Ему вдруг пришло в голову: а не придумывает ли Юля? Проще говоря, не врёт ли? Сколько б его ни ловили на доверчивости, Вадим продолжал даже заведомую ложь принимать за чистую монету. И только затем, вспоминая о прежних обманах, начинал исподволь прощупывать собеседника. И что за радость: дурить голову такому лоху? Впрочем, истории обеих гостий стыкуются настолько, будто они сговорились, – что вряд ли.
– Ничего, – пригрозила Юля, – он у меня попляшет. Я такое ему устрою!..
– Зачем? – спросил Вадим.
– Чтоб ему было плохо, – повела девочка плечом.
– Зачем? – повторил он.
– А почему я должна спускать?
– Что ты за других переживаешь: как бы кому сделать хуже. Лучше о себе подумай.
– Но если мне хорошо, когда ему плохо? Он ещё заплатит – за всё!
– Ты что, сильней его, – спросил Вадим, – или умнее? Куда ты лезешь?

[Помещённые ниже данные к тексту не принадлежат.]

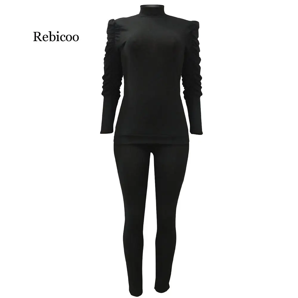 Женский трикотажный спортивный костюм из двух предметов, элегантный офисный костюм с длинным рукавом, размера плюс одежда для отдыха и отдыха, комплект из 2 предметов
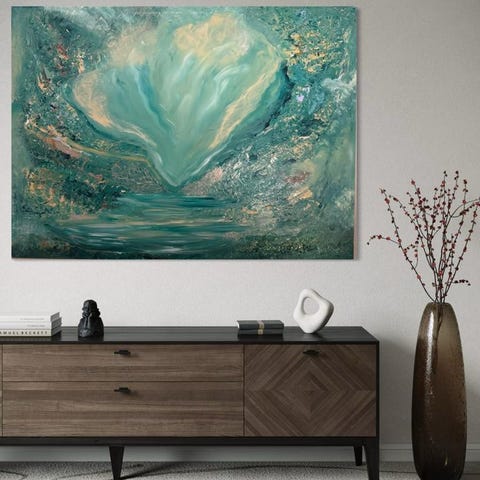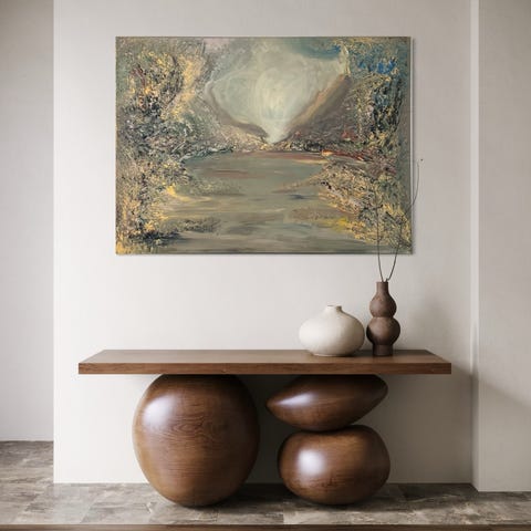 Konstnärsnamn akrylmålning föreställande ett landskap. Målningen har dimensionerna 110x150 cm och är utförd på duk. Färgschemat domineras av gröna och blå nyanser med texturerad yta.
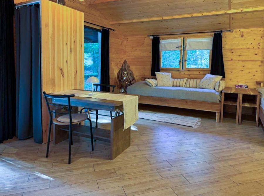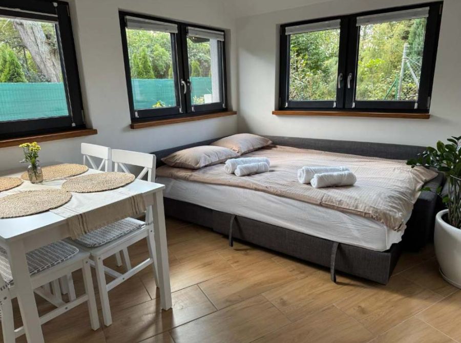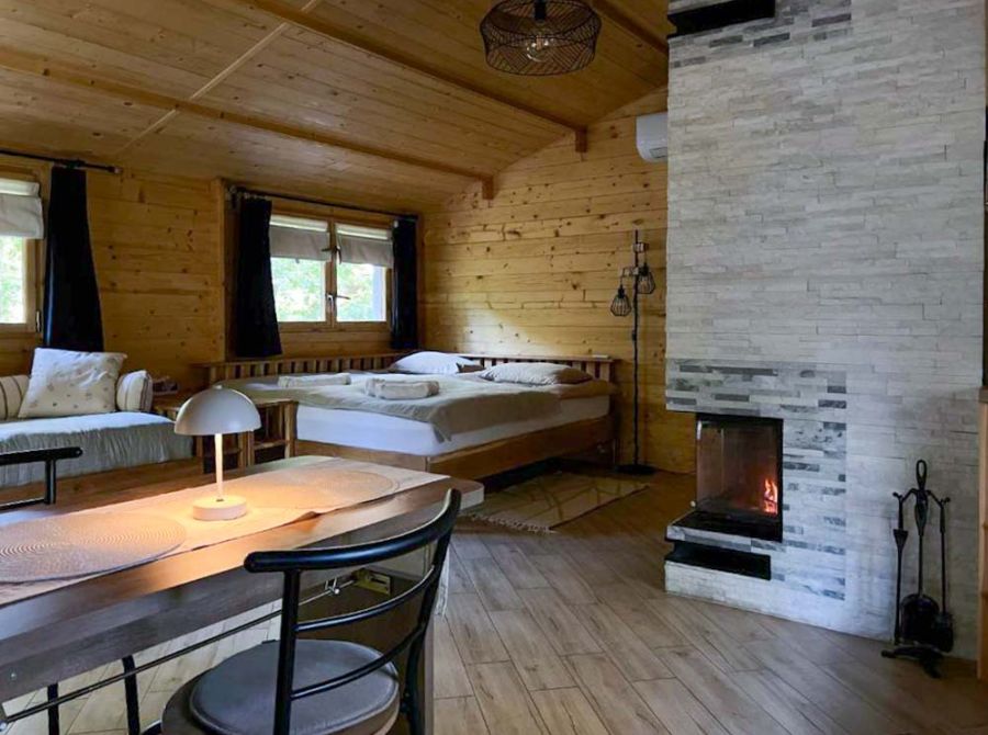 Domek „Sauna w brzozach” to kameralny, całoroczny domek 50 m² położony wśród drzew, z prywatną sauną, kominkiem i tarasem. Idealny dla par, małych rodzin i wszystkich, którzy chcą odpocząć blisko natury.
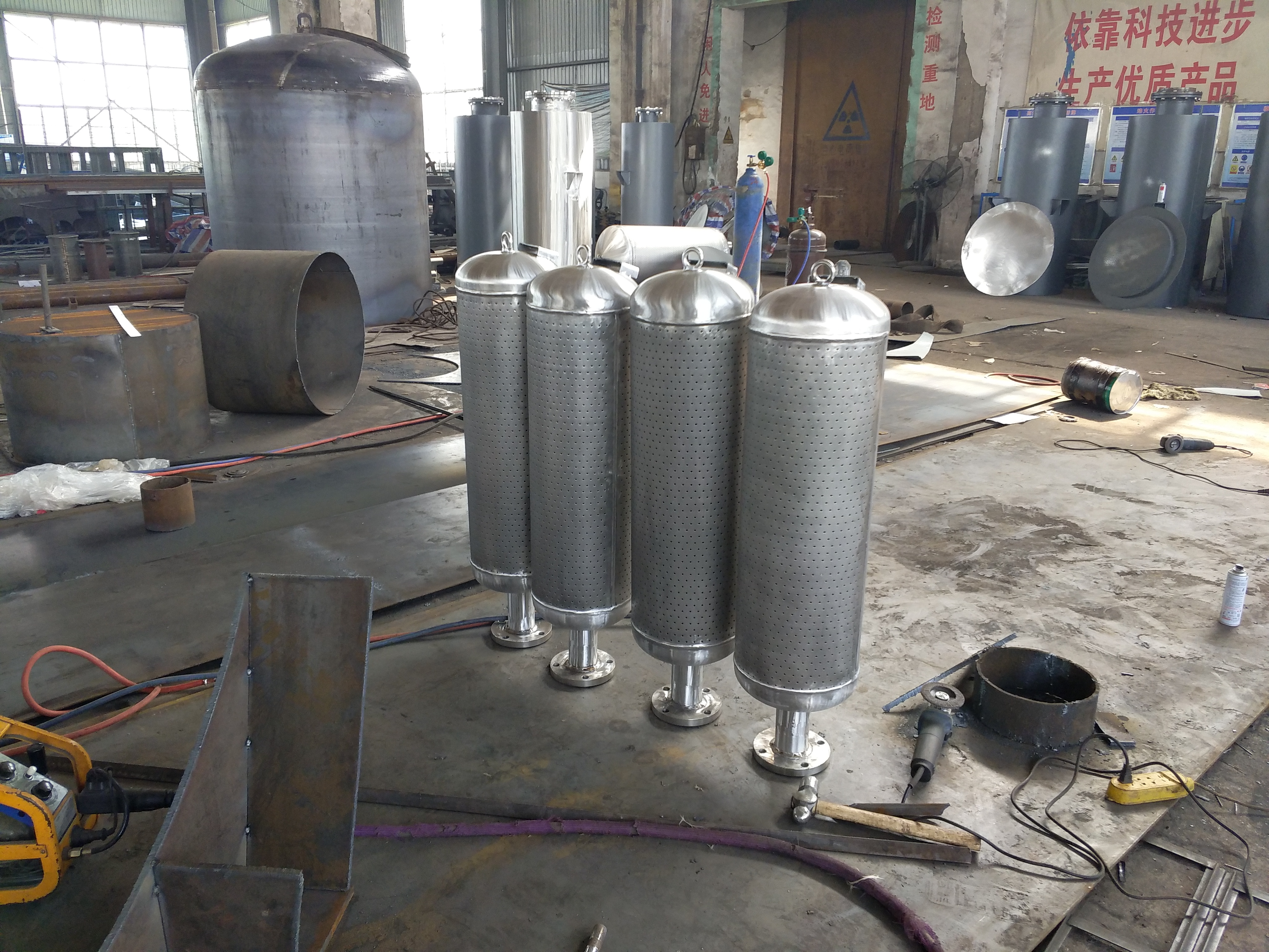 4、小孔消聲器具有低-頻寬帶消聲遙遙能,小的孔徑能提高吸聲係數,低的孔隙率能增加吸聲頻帶的寬度,孔板-度能改變共振吸聲峰的位置。小孔消聲器具備設計嚴-、吸收頻帶寬、阻損小、-高溫、-長等--。一般用於鍋爐、壓縮機等高壓設備的排氣放空。
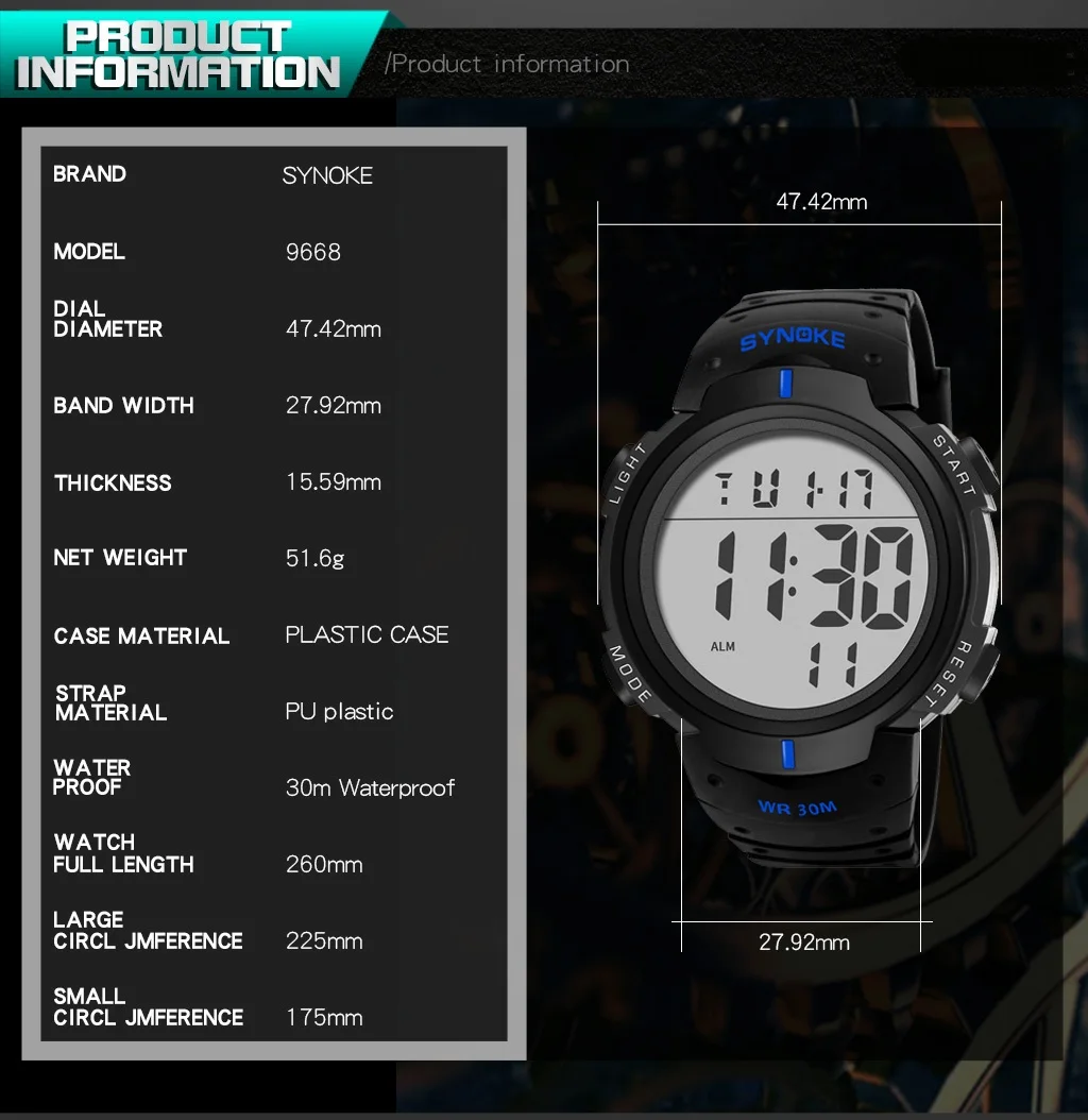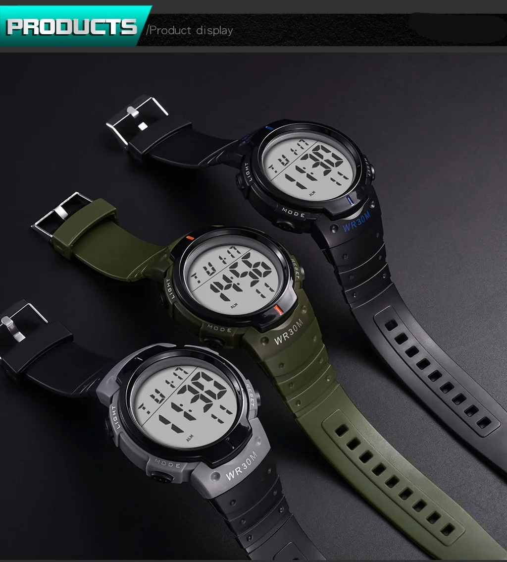 multi-function: display time,stopwatch,back light,Display the date,Display week,Timing alarm clock,12/24 hourly,waterproof,shock resistant,
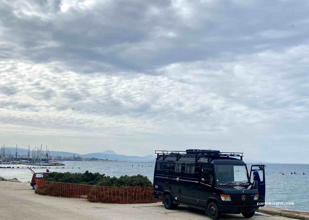Spent 2 nights there end of Oct ‘25. A bit run down but very peaceful. No traffic noise during the night. A small beach a few metres away has a shower. Walking into town was about 30 mins, a taxi €5. Would recommend as a good place to park.
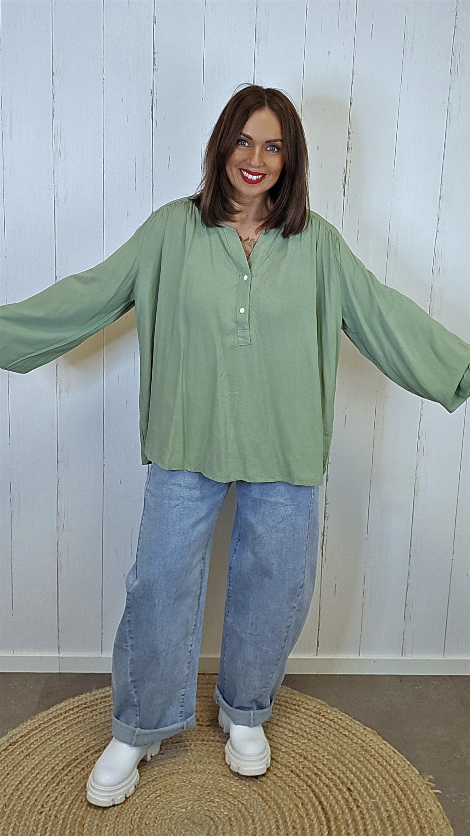 Så snygg skjorte bluse med extra god vidde. Så fin på. Långa puffiga armar med strikk nederst. Blusen faller läckert i ryggen. Knappar I halsen.
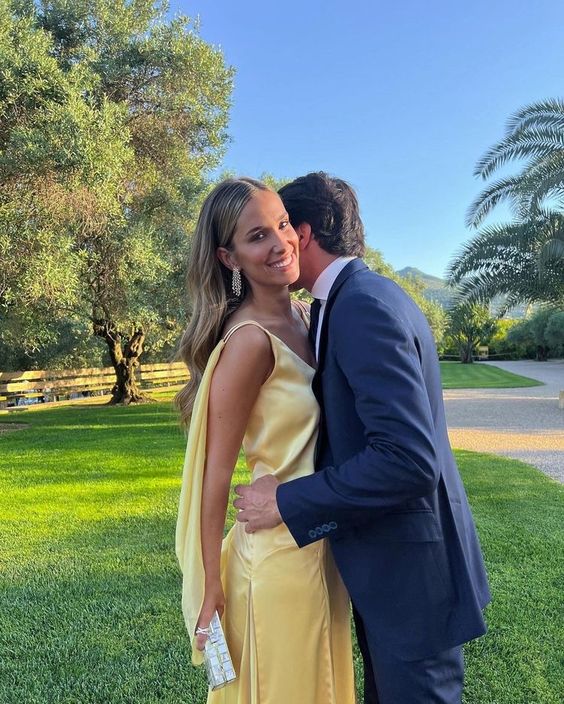 Yellow Satin Evening Dress for Formal Occasions, V-neck A-line Spaghetti Strap Floor Length Elegant Prom Dress fg5723

– И всё равно я ему устрою: ткну харей в собственное дерьмо!..
– Можно быть стервой либо дурой, – попытался рассердиться Вадим. – Объединять в себе обеих – накладно. Когда на тебя разогнался бульдозер, разумней убраться с его пути.
– «Разумненький Буратино», – сказала Юля. – Живёшь тихо, не высовываясь, в своё удовольствие. По ночам трахаешь кого захочешь, благо дурочек вокруг полно, – стоит по головке погладить да мослами потрясти. Ты – кобель, да? Кобелино!..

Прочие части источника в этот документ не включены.